Poverty reduction risks being diluted by new UK aid plan, MPs warn

22 Mar 16

The UK’s new overseas aid strategy risks marginalising the historic focus on poverty reduction, the International Development Select Committee has warned.

Traditionally, poverty reduction has been the primary aim of the UK’s aid spending and programmes. However, in a report issued today, the committee said it was concerned that the country’s new approach may dilute this focus, with the UK’s national interest or the priorities of the various government departments that deliver aid taking its place.

Labour’s Stephen Twigg, who chairs the committee, stressed that tackling extreme poverty and helping the world’s most vulnerable “must remain unequivocally the first priority of UK aid spending”.

According to the report, framing the strategy in terms of the UK’s national interest creates the potential for a reduced focus on poverty reduction, which it highlighted is a statutory requirement for aid spend by the Department for International Development.

Under the new strategy, other government departments will take control of an increased share of the UK’s aid budget.But these other departments are under no statutory obligation and their other priorities, such as improving the business environment or governance, may take precedence, the MPs said.

They called on the government to make reducing poverty an explicit and legal requirement of all aid spend, no matter which department it originates from.

The committee pointed out that, in the strategy, reducing poverty is listed as the last of four strategic objectives, following strengthening peace, security and governance, strengthening resilience and response to crises and promoting global prosperity.

This is despite DFID’s statutory obligation, the traditional prevalence of poverty reduction in UK aid, and the weight given to it in the United Nation’s Sustainable Development Goals, where ending “poverty in all its forms, everywhere” is the first of 17 objectives.

While the committee welcomed the new focus on fragile states outlined in the aid strategy, it said the UK’s definition of fragile problematic as it fails to capture the complexities of the causes of fragility.

The committee said that it is not clear how DFID arrived at its new definition or what that definition entails.

“We need to understand how this term is being defined and how it will inform decisions about who should receive development assistance,” Twigg explained.

Under the new strategy, the UK government discontinued one form of support for everybody altogether: general budget support – unearmarked contributions to governments’ budgets.

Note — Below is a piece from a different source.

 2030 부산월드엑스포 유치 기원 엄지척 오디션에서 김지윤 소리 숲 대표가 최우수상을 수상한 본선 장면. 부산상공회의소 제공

But the committee called on the government to clarify its evidence for ending this form of aid and recommended the option be retained when systems are in place to effectively monitor transparency and accountability.

However, the committee noted some work towards transparency and accountability needs to be done at home too. While DFID has long been a leader in aid transparency, other government departments like the Foreign Office and Ministry of Defense are notoriously opaque, the MPs claimed.

The new strategy commits all departments to being ranked as ‘good’ or ‘very good’ in the International Aid Transparency Index within five years – a timescale the committee called “unambitious and unacceptable”.

This should be reduced to two years, they said, making a pitch for powers to scrutinise the aid spending and activities of all government departments.

Responding to the report, Saira O’Mallie, interim UK Director of the ONE Campaign, agreed with the committee that the revised aid strategy “puts is in dangerous water”.

She went on: “As one of the most transparent government departments, DFID should closely monitor how others spend overseas aid to ensure that every penny spent is delivering results for the poorest.

“The government has announced that half of DFID’s budget will go to fragile states, yet the rationale for which countries meet this definition is hazy. By contrast, we have a robustly defined list of the 48 countries that are home to a significant proportion of the world’s poorest. We therefore urge the government to invest 50% of the aid budget in the countries that have the least.”

A DFID spokesman said: "We are tackling extreme poverty by adressing the root causes of global issues and those include terrorism, corruption, disease and instability. This is both the right thing to do and smart thing for our national interest."

He noted that all four of the new aid strategy's objectives have equal weighting and the order in which they are listed does not confer importance. 

He continued to say that "building a safer, healthier and more stable world requires using knowledge and expertise from a vareity of government departments". This must be in line with internationally agreed standards on aid spend and the government will be increasing scrutiny and transparency to ensure value for money and effective aid spend across government, he added. 

DFID and the Treasury will continue to co-chair a working group examining value for money and the UK's Independent Commission for Aid Impact has a remit to review aid spend by all government departments, the spokesman added.

He explained that the UK's definition of fragile states is based on open source data from a range of sources and will continue to be updated to reflect real-world changes and cross-border issues.